As you can see - in both cases a big improvement. In the case of large
data sets its a change from a noticeable delay 3.4s per plot to the very
usable 0.17s per plot (none of these plots required swapping - although
the set functions did). If you don't have you data in the form of a
writable python buffer it's necessary to wrap the input buffer in a
Python array.array to get this performance (a read-only buffer is still
accepted but will be slightly slower). Performance using a
non-modifiable buffer is slightly lower even with the overhead of an
additional Python function call (I guess it implements some more
intelligent buffer creation strategy).

I made some alterations to these functions - but they are currently
limited to my own situation.

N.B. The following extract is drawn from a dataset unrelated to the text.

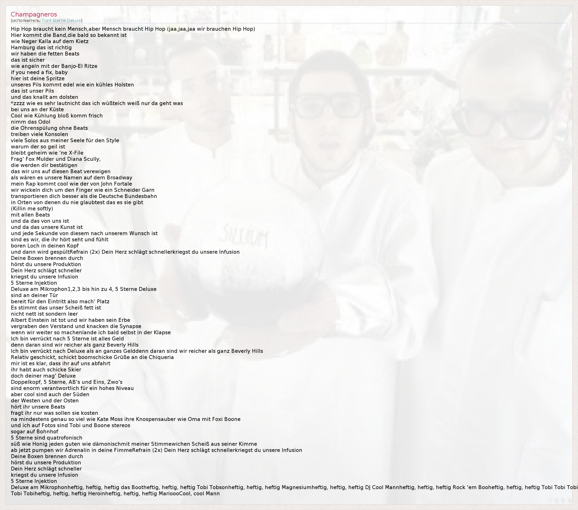 Hip Hop braucht kein Mensch,aber Mensch braucht Hip Hop (jaa,jaa,jaa wir brauchen Hip Hop) Hier kommt die Band,die bald so bekannt ist wie Neger Kalla auf dem Kietz Hamburg das ist richtig wir haben die fetten Beats das ist sicher wie angeln mit der Banjo-El Ritze if you need a fix, baby hier ist deine Spritze unseres Pils kommt edel wie ein kühles Holsten das ist unser Pils und das knallt am dolsten *zzzz wie es sehr lautnicht das ich wüßteich weiß nur da geht was bei uns an der Küste Cool wie Kühlung bloß komm frisch nimm das Odol die Ohrenspülung ohne Beats treiben viele Konsolen viele Solos aus meiner Seele für den Style warum der so geil ist bleibt geheim wie 'ne X-File Frag' Fox Mulder und Diana Scully, die werden dir bestätigen das wir uns auf diesen Beat verewigen als wären es unsere Namen auf dem Broadway mein Rap kommt cool wie der von John Fortale wir wickeln dich um den Finger wie ein Schneider Garn transportieren dich besser als die Deutsche Bundesbahn in Orten von denen du nie glaubtest das es sie gibt (Killin me softly) mit allen Beats und da das von uns ist und da das unsere Kunst ist und jede Sekunde von diesem nach unserem Wunsch ist sind es wir, die ihr hört seht und fühlt boren Loch in deinen Kopf und dann wird gespültRefrain (2x) Dein Herz schlägt schnellerkriegst du unsere Infusion Deine Boxen brennen durch hörst du unsere Produktion Dein Herz schlägt schneller kriegst du unsere Infusion 5 Sterne Injektion Deluxe am Mikrophon1,2,3 bis hin zu 4, 5 Sterne Deluxe sind an deiner Tür bereit für den Eintritt also mach' Platz Es stimmt das unser Scheiß fett ist nicht nett ist sondern leer Albert Einstein ist tot und wir haben sein Erbe vergraben den Verstand und knacken die Synapse wenn wir weiter so machenlande ich bald selbst in der Klapse Ich bin verrückt nach 5 Sterne ist alles Geld denn daran sind wir reicher als ganz Beverly Hills Ich bin verrückt nach Deluxe als an ganzes Gelddenn daran sind wir reicher als ganz Beverly Hills Relativ geschickt, schickt boomschicke Grüße an die Chiqueria mir ist es klar, dass ihr auf uns abfahrt ihr habt auch schicke Skier doch deiner mag' Deluxe Doppelkopf, 5 Sterne, AB's und Eins, Zwo's sind enorm verantwortlich für ein hohes Niveau aber cool sind auch der Süden der Westen und der Osten hört ihr unsere Beats fragt ihr nur was sollen sie kosten na mindestens genau so viel wie Kate Moss ihre Knospensauber wie Oma mit Foxi Boone und ich auf Fotos sind Tobi und Boone stereos sogar auf Bohnhof 5 Sterne sind quatrofonisch süß wie Honig jeden guten wie dämonischmit meiner Stimmewichen Scheiß aus seiner Kimme ab jetzt pumpen wir Adrenalin in deine FimmeRefrain (2x) Dein Herz schlägt schnellerkriegst du unsere Infusion Deine Boxen brennen durch hörst du unsere Produktion Dein Herz schlägt schneller kriegst du unsere Infusion 5 Sterne Injektion Deluxe am Mikrophonheftig, heftig, heftig das Bootheftig, heftig, heftig Tobi Tobsonheftig, heftig, heftig Magnesiumheftig, heftig, heftig DJ Cool Mannheftig, heftig, heftig Rock 'em Booheftig, heftig, heftig Tobi Tobi Tobi Tobi Tobiheftig, heftig, heftig Heroinheftig, heftig, heftig MarioooCool, cool Mann

I will make them general once I've played
around with writable buffers a bit - this will be fairly easily but I
don't want to spend time writing wrapper code until I'm happy with what
I'm wrapping.

Changes in the patch I've attached (and were even simpler than I
imagined).

Nich

patch (5.9 KB)

test.py (1.24 KB)

···

On Fri, 2005-04-15 at 12:27 +0100, I wrote:

Hi,

I made a suggestion for improving imshow performance for plotting an
image already in byte string form a while ago; some of the results are
currently in CVS. I seems that other changes made to CVS at the same
time or since mean that the floating point buffer source code is now
much faster and I'd suggest taking anything sourced from my code back
out.

Nick